2017-10-23 02:11:10 | クラシック音楽




いいリサイタルでしたねえ。。。

今年はこういう切なくて温かい気持ちになる後味のコンサートが多いなあ。
フレイレ
チェコフィル
ポゴレリッチ
生演奏からしかもらえないものだよねえ。

しかし本当にポゴさんのリサイタルは感想を書くのが難しい・・・。
昨年の演奏会で受けた天と地のような極端な印象は今回も同じではあるけれど、全く同じではない。この人は変わり続けているのですね。今回のリサイタルで一番強く感じたのは「今この瞬間」。そのエネルギーの強烈さでした。

仕事を1時間早退したのにバスが混んでいてなかなか乗れず、六本木一丁目に着いたときには軽食がせいぜいな時間で。
金曜夜のせいかどこも人がいっぱいで、空席のあったDEAN&DELUCAでハムチーズのパンとアールグレイの紅茶をお腹に入れ(高いだけあって美味しかったわ。紅茶は熱すぎて半分しか飲めなかった)。
30分前に会場に入ったら、昨年のデジャヴのようにステージ上でポゴさんがポロポロ弾いてて。昨年と違うところといえば帽子にボンボンが付いていないこと、開演10分前にスタッフに呼ばれてもまだ弾き続けて5分前に再び声をかけられて奥に引っ込んで、今から着替えて間に合うのかなと思っていたらやっぱり開演が7分遅れたことくらい。
昨年同様にまだざわめいている客席に時折視線をやりながら場違いなほどに綺麗な音でポロン・・・ポロン・・・。あのざわめきの中でもはっきり聴こえるpppの透明な美しさ。今日の客席の空気をはかっているような、リサイタル前にピアノと戯れの対話をしているような。この時間はポゴさんにとってどんな意味をもつ時間なんだろう。でもきっと必要な時間なんだろうな。
今回は満席ではありませんでしたが、8、9割は埋まっていました。


【クレメンティ: ソナチネ ヘ長調 op.36-4】
【ハイドン: ピアノ・ソナタ ニ長調 Hob.XVI-37】
【ベートーヴェン: ピアノ・ソナタ第23番 ヘ短調 op.57 「熱情」】

今夜は昨年よりも床への楽譜の置き方が丁寧で、ポゴさんの空気もどことなく穏やか。
譜めくりの女性にニッコリ笑いかけるのは昨年と同じ(天然のたらしな笑顔だな、と感じたのも昨年と同じ笑)。
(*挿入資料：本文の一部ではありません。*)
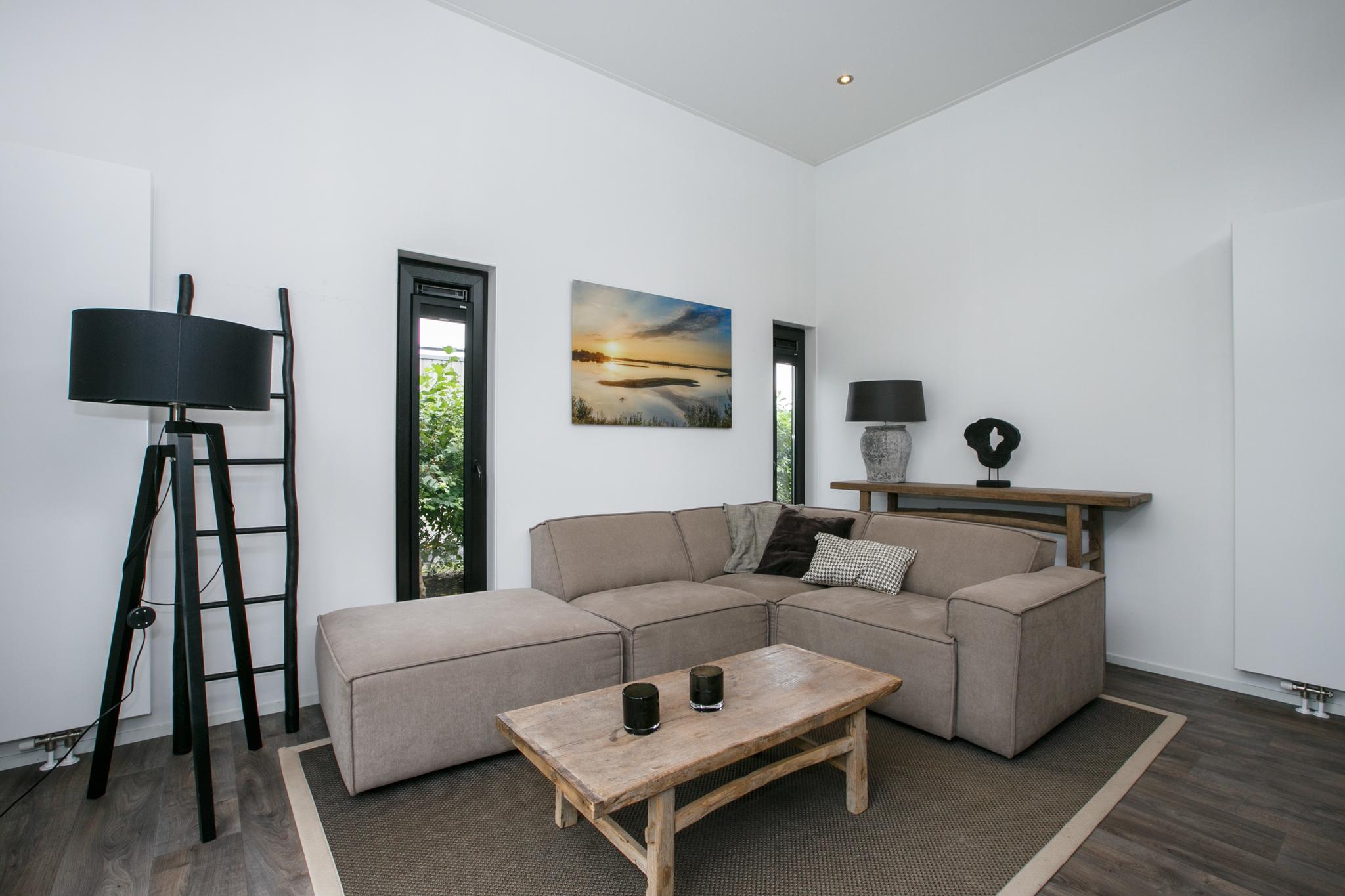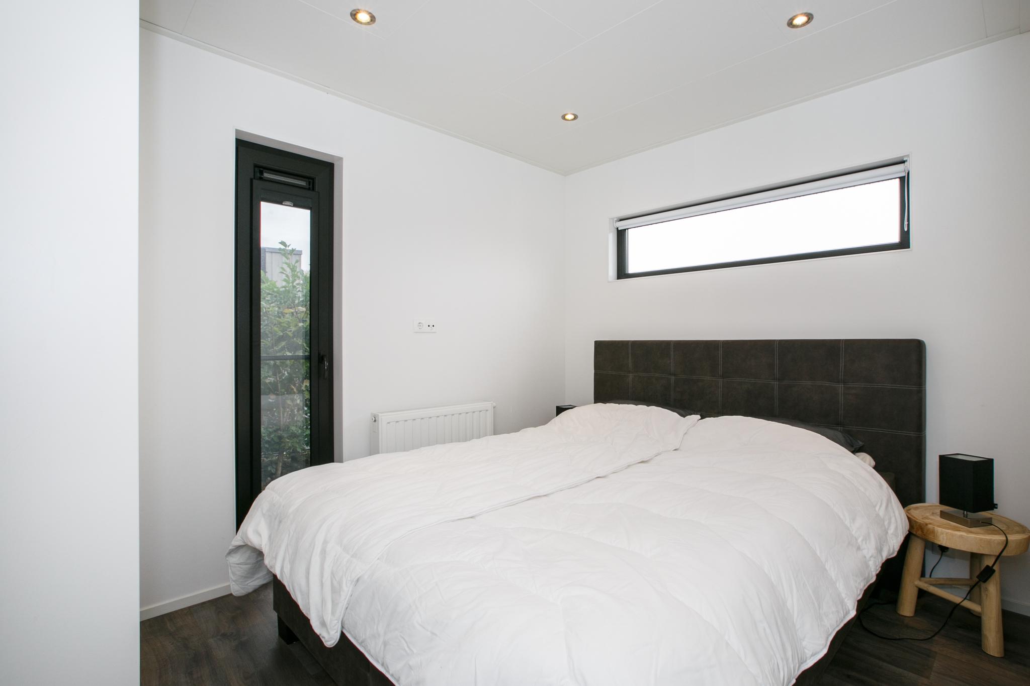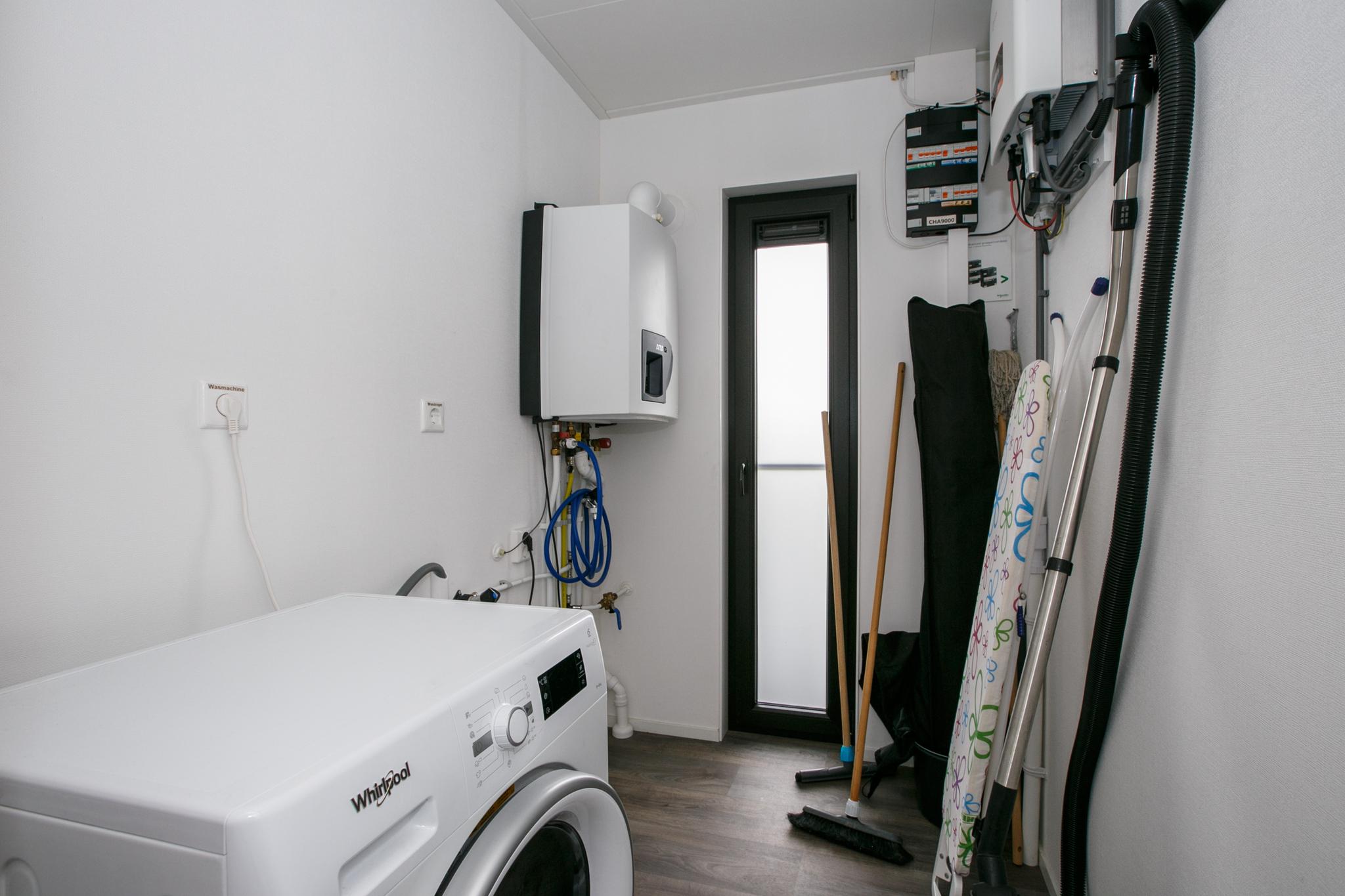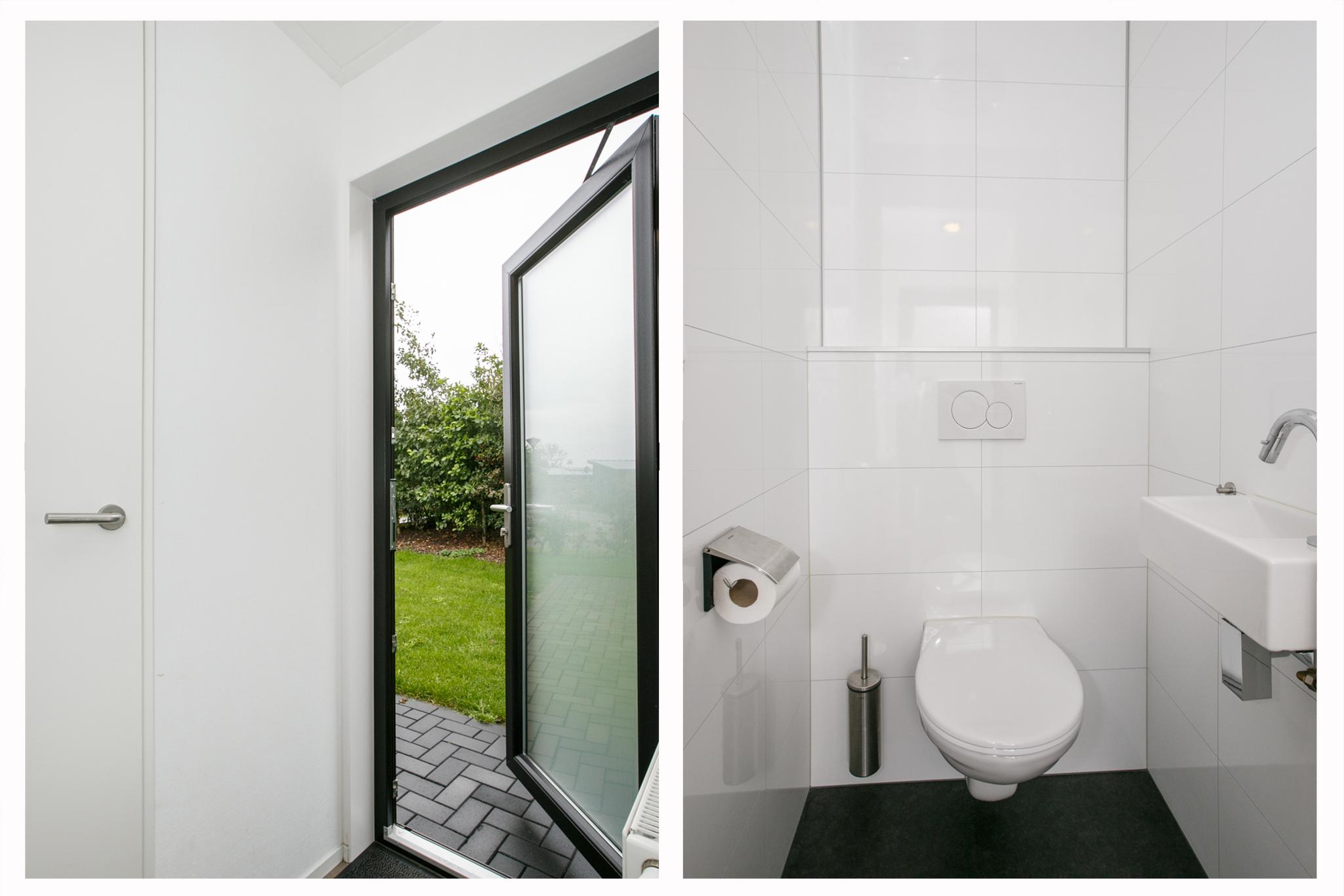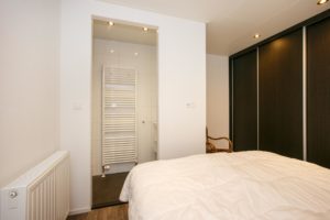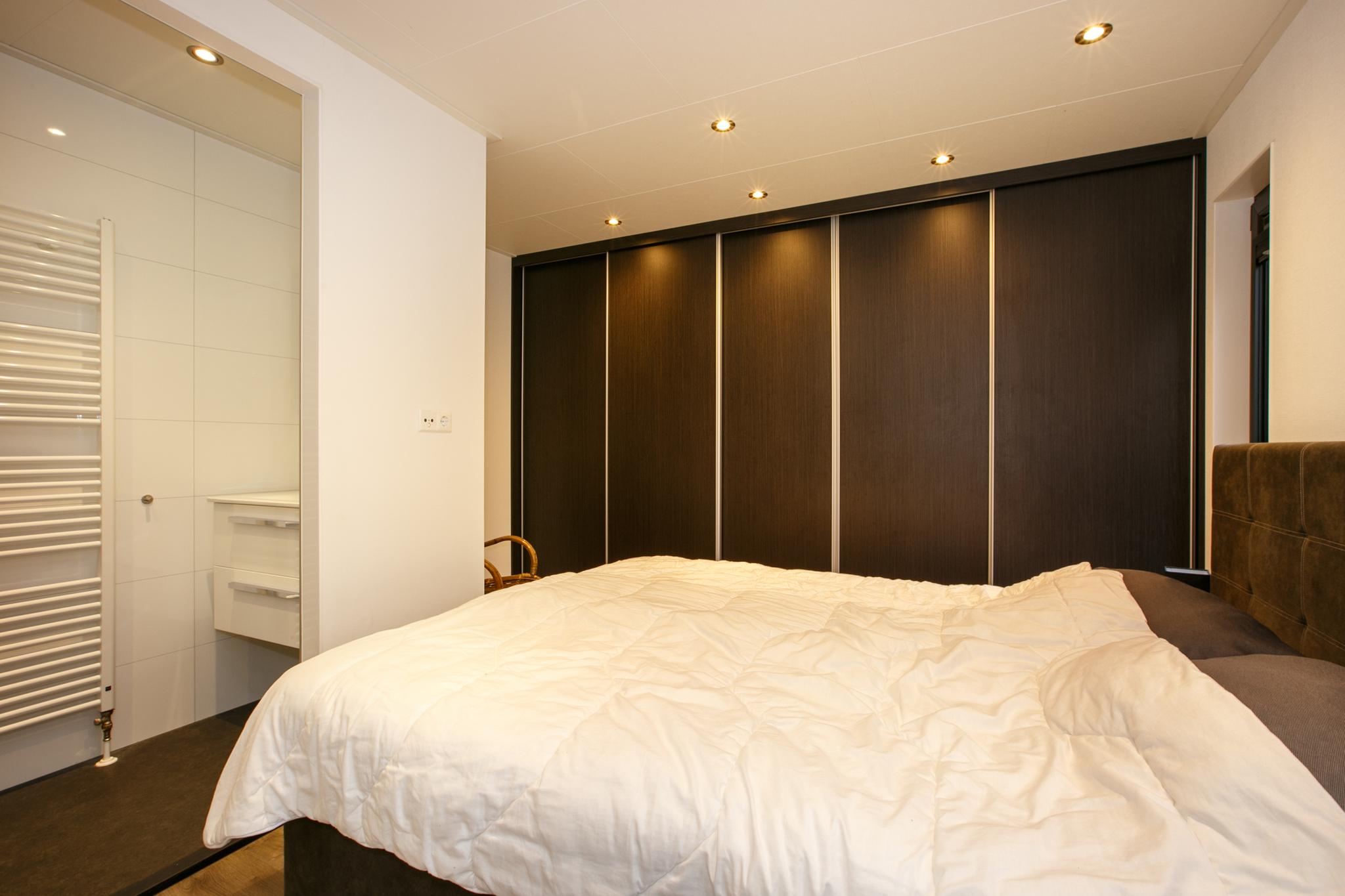 De entreehal geeft toegang tot de toiletruimte met wastafel, de woon/eetkamer en een slaapkamer. De gezellige woon/eetkamer, in warme tinten, is voorzien van een sfeervolle gashaard, een mooie PVC vloer, inbouwspots en een grote schuifpui naar de tuin. De grote raampartijen zorgen voor veel lichtinval. In het verlengde van de woonkamer is de eethoek gesitueerd. Aansluitend is de open keuken bereikbaar. De moderne keuken is voorzien van een donkergrijze kastenwand, een wit spoel/kookeiland en diverse inbouwapparatuur: kookplaat, afzuigkap, combi-magnetron, koel-/vriescombinatie en vaatwasser. De ruime slaapkamer, bereikbaar vanuit de entreehal, is voorzien van een PVC vloer, een grote vaste kast en een eigen badkamer. De geheel betegelde badkamer is voorzien van een inloopdouche, een wastafel en een designradiator. Vanuit de woonkamer is de tweede hal bereikbaar. Deze hal geeft toegang tot de tweede slaapkamer en een ruimte waar de CV-ketel hangt en de witgoedaansluitingen zijn. De tweede slaapkamer is voorzien van een PVC vloer, een vaste kast en een eigen badkamer. De badkamer is geheel betegeld en voorzien van een inloopdouche, een wastafel en een designradiator.

一曲目のクレメンティは、意外なほど普通の演奏(普通にいい演奏)で、音もテンポもほぼ普通。曲が曲なので他に演奏しようもないのかもだけど、こういう演奏もするポゴレリッチにちょっと吃驚。ってどれだけ変人の印象なのか

次のハイドンで、
昨年の違和感を一年ぶりに思い出す。
ポゴさんのハイドン、曲のせいもあるかもしれないけど、まだ拙い小さな子供が弾いているように聴こえて…。決していい意味ではなく。この演奏はどう受け止めればいいのか…、私にはちょっと良さがわかりませんでした。2楽章などは悪くないと思ったけれど、そういう良さならペライアやシフのハイドンの方が私には遥かに素晴らしく感じられ…。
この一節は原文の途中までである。